Saturday, January 8, 2011

Keeping the Promise: Season of the Witch

A commitment to excellence. That’s one of the things that as a moviegoer I completely and utterly lack. So when Screened.com’s freelance writer Eric Pope started going on about the Nic Cage Promise, a goal to see every Nic Cage movie on the weekend it was released, I was intrigued. Nic Cage is a man of considerable talents, among them looking wild-eyed, chewing scenery, and generally being fucking bananas. It is at least compelling to watch, more often than not. What could be the harm? I signed aboard this misguided ship for the 2011 season.

Which is how I found myself at 10:00 AM sitting in my local AMC with a surprising number of other damned souls about to be treated to the cinematic equivalent of a dimly lit waiting room full of sighs and old magazines.

For those of you who have been exercising good taste, Season of the Witch is a story of Nic Cage and Ron Perlman as two knights taking a leave of conscience from the crusades, fleeing to a town where they’re caught as deserters and made to escort a woman who is supposedly a witch to some monastery where she will undergo a trial (and probably execution, because hey, what else are you going to do with witches?).

The film opens with a montage of Cage and Perlman killing various ethnic peoples to religious dogma being shouted at them, both of them clearly too old or too bored to be swinging around a sword and make it look dramatic, and finally they flee the evil Church’s grasp to head back to Europe, suddenly in the grasp of the plague of rubbery prosthetics, something that’s rendered the location shooting empty of extras and the cramped city sets full of bodies but bereft of speaking roles outside of our leads.

Unfortunately, that doesn’t do anyone any favors, as Nic Cage seems to think he’s in a serious movie, looking ponderously grave (or maybe he’s just that serious about getting his paycheck). Ron Perlman, on the other hand, seems to be convinced he’s in a buddy movie, biting off his limited lines like the Hellboy we’ve come to know and love. Here, however, they seem to go noticed by nobody. He might as well be playing against the flat grey stone walls.

The characters get a bunch of other, more disposable people around them when they pick up the ‘witch.’ There’s a priest who we’re lead to believe is evil because evil priests are almost a given in a story about witchcraft. There’s a prisoner who serves as the guide but mainly serves as the source of a jarring Chicago accent until he dies by the worst CGI wolves since The Day After Tomorrow. There’s also some other people, but the script doesn’t seem to give much of a shit about them so why should I?
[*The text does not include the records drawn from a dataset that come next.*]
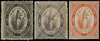 Summary Jurisdiction: 1866 group of three archival items of unknown status, the first 1871-75 24c perf 10 opt 'CANCELLED' in violet 25x5mm, (a type mentioned but not illustrated by Samuel), 48c perf 12½ cancelled by violet cross and 72c orange, no wmk imperf mint single. An unusual trio ripe for further research.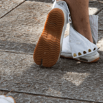 ベンチの横線を、遮るような形で「赤い靴の男の人が何かを思いながら座っている」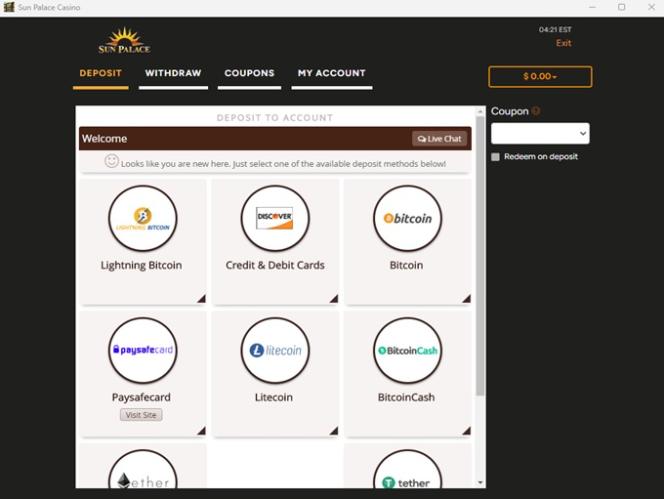 خيارات الخدمات المصرفية في Sun Palace Casino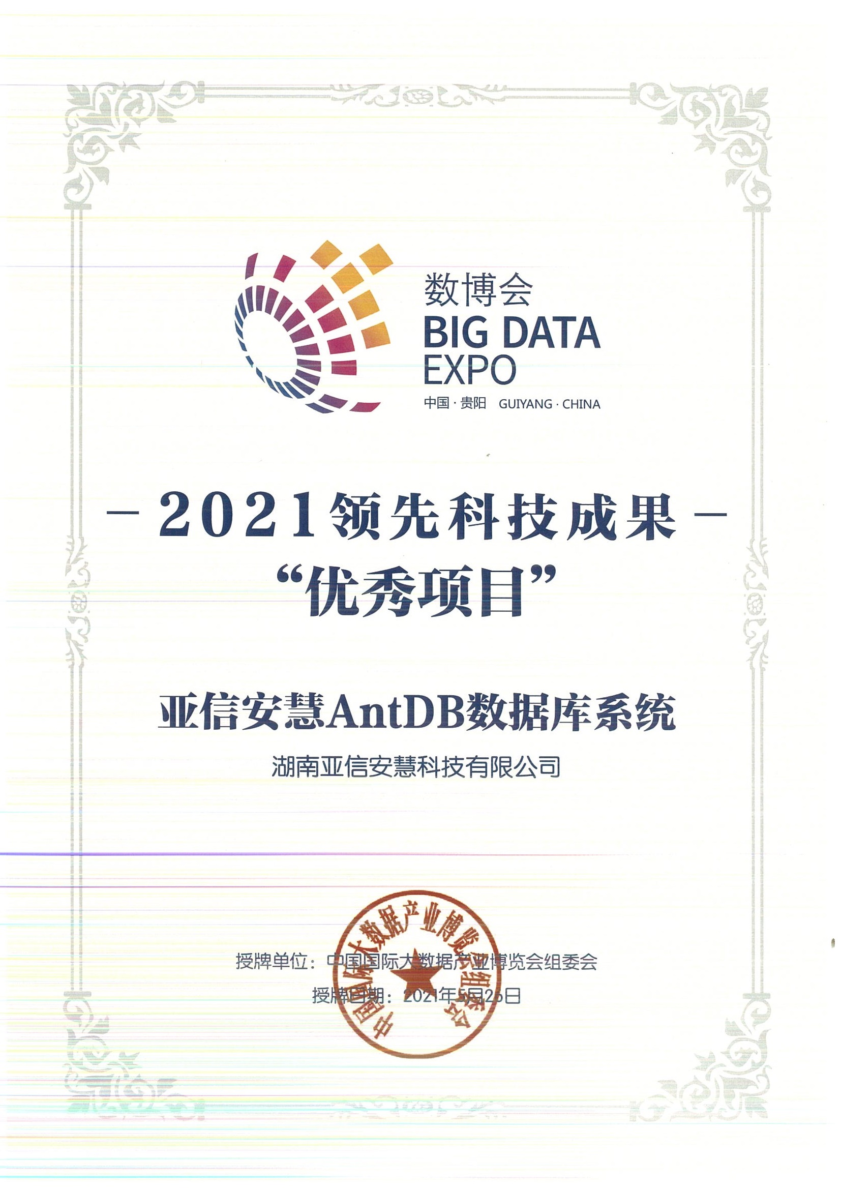 2021年5月 亚信安慧AntDB数据库系统获2021数博会领先科技成果“优秀项目”奖

This merry band travels from one painfully obvious set to another, back walls obscured by heavy fog so they wouldn’t have to pay for CG extensions. No, all the CG is saved for the very end of the movie, where after toying with the idea that the movie would be about whether or not the girl who serves as the plot device is or isn’t a witch (by the way, she spends most of the movie looking creepy and exhibiting super strength, but still everyone seems more than willing to give her the benefit of the doubt about maybe not actually being a witch) the plot is suddenly tossed aside in favor of turning her into a really really awful CG monster.

No, I mean bad. Like it makes the bat-Dracula from Van Helsing look like The Thing kind of good. So our heroes fight the CG to the best of their sleepy, halfhearted ability, and then everyone you even remotely cared about dies and we’re left with a message of hope or something. It doesn’t really matter, because none of it is given any sort of gravitas. The big reveal of the plot, that all of their journey has been a trick to get them into revealing the location of a sacred book to a demon, is tossed haphazardly aside in the middle of an assault of zombie monks. Yeah, there are zombie monks, looking frightfully boring with their rubbery makeup and PG-13 trickles of fake blood.

If this sounds like a mess, that’s because it is. The movie is a clash of really terrible ideas, put together in such a way as to make it all seem dreadfully boring. There was, surreally enough, a blind woman sitting several seats down the row from me, and the quiet narration of her husband explaining the parts she couldn’t get from audio context were far more entertaining than the movie itself.

There is such a thing as a fun bad movie, something Cage has traded in through a lot of his career, but this movie isn’t that kind of film. If Season of the Witch is guilty of anything, it’s taking a can’t-miss cult premise and squandering it by taking it all far too seriously. You weren’t going to see this anyway, because most of you aren’t insane, but take this as further evidence that this movie was dumped out to die in January for good reason.

The things I will do for Nic Cage. I hope he’s happy.